JWST’s First Images

by | Jul 12, 2022 | Current Events | 0 comments

Written and edited by Huei Sears & Macy Huston

Following a preview of the first JWST Deep Field yesterday, NASA released its first JWST images of four other targets today: the Carina Nebula, WASP-96b, the Southern Ring Nebula, and Stephan’s Quintet.

Carina Nebula

The Carina Nebula is a large (the largest!) diffuse nebula in the southern sky and is only ~8.500 light years away. It hosts a number of star-forming regions and bright stars, including the most luminous star in our galaxy, WR 25. Most famously, this nebula is known to host the Eta Carinae star system.  Due to its size and close location to Earth, Eta Car is the most massive star that we are able to study in great detail.  There are a number of other features in this nebula that are interesting, such as the Keyhole Nebula, a variety of open star clusters, and dust-gas pillars.  The Keyhole Nebula is an opaque molecular and dust cloud in the shape of a keyhole.  Nebulae such as this that are opaque to visible light are called “Dark Nebulae.” 

From ESA: Located in the Southern Hemisphere, NGC 3324 is at the northwest corner of the Carina Nebula (NGC 3372), home of the Keyhole Nebula and the active, outbursting star Eta Carinae. The entire Carina Nebula complex is located at a distance of roughly 7,200 light-years, and lies in the constellation Carina. This image is a composite of data taken with two of Hubble's science instruments. Data taken with the Advanced Camera for Surveys (ACS) in 2006 isolated light emitted by hydrogen. More recent data, taken in 2008 with the Wide Field Planetary Camera 2 (WFPC2), isolated light emitted by sulfur and oxygen gas. To create a color composite, the data from the sulfur filter are represented by red, from the oxygen filter by blue, and from the hydrogen filter by green.
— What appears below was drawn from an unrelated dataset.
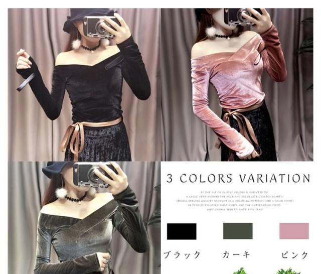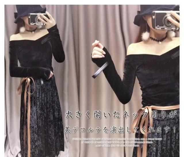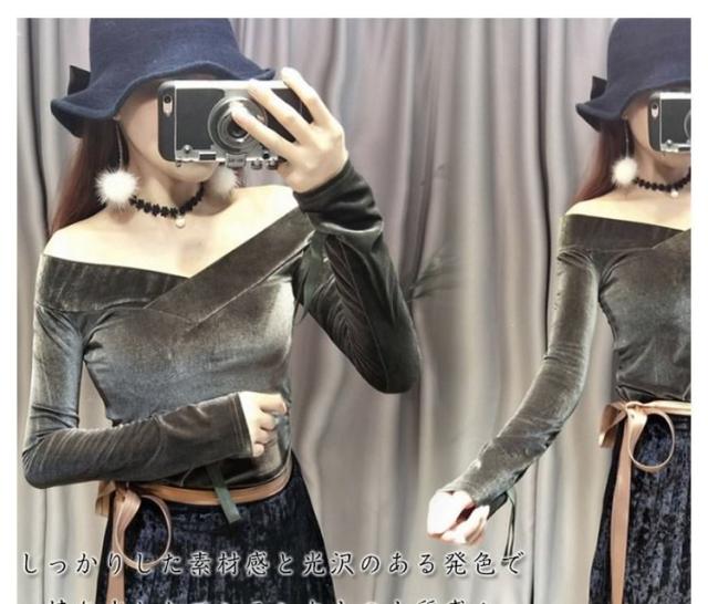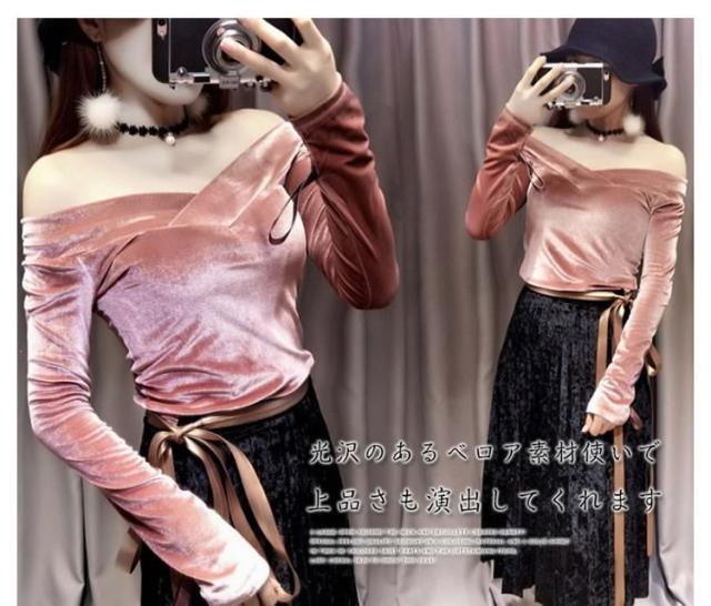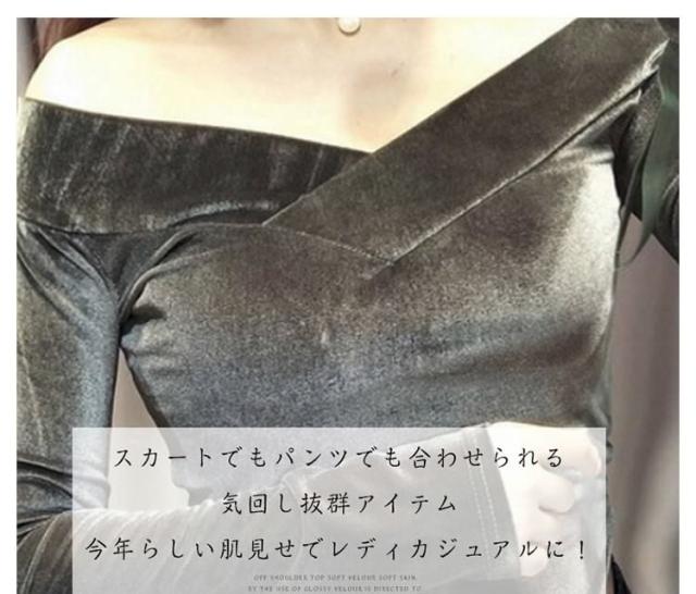 光沢感のあるベロア素材で上品!オフショルダーTシャツ トップス Vネック Tシャツ カットソー オフショルダー セクシー 長袖

Hubble image of the Carina Nebula, composite from ACS and WFPC2. (Image credit: NASA, ESA, and The Hubble Heritage Team (STScI/AURA))

top from NASA: This landscape of “mountains” and “valleys” speckled with glittering stars is actually the edge of a nearby, young, star-forming region called NGC 3324 in the Carina Nebula. Captured in infrared light by NASA’s new James Webb Space Telescope, this image reveals for the first time previously invisible areas of star birth. Credits: NASA, ESA, CSA, and STScI. bottom from NASA: A star field is speckled across the image. The stars are of many sizes. They range from small, faint points of light to larger, closer, brighter, and more fully resolved stars with 8-point diffraction spikes. The stars vary in color, the majority of which have a blue or orange hue. The upper-right portion of the image has wispy, translucent, cloud-like streaks rising from the nebula running along the bottom portion of the image. The cloudy formation shown across the bottom varies in density and ranges from translucent to opaque. The cloud-like structure of the nebula contains ridges, peaks, and valleys – an appearance very similar to a mountain range. Many of the larger stars shine brightly along the edges of the nebula’s cloud-like structure.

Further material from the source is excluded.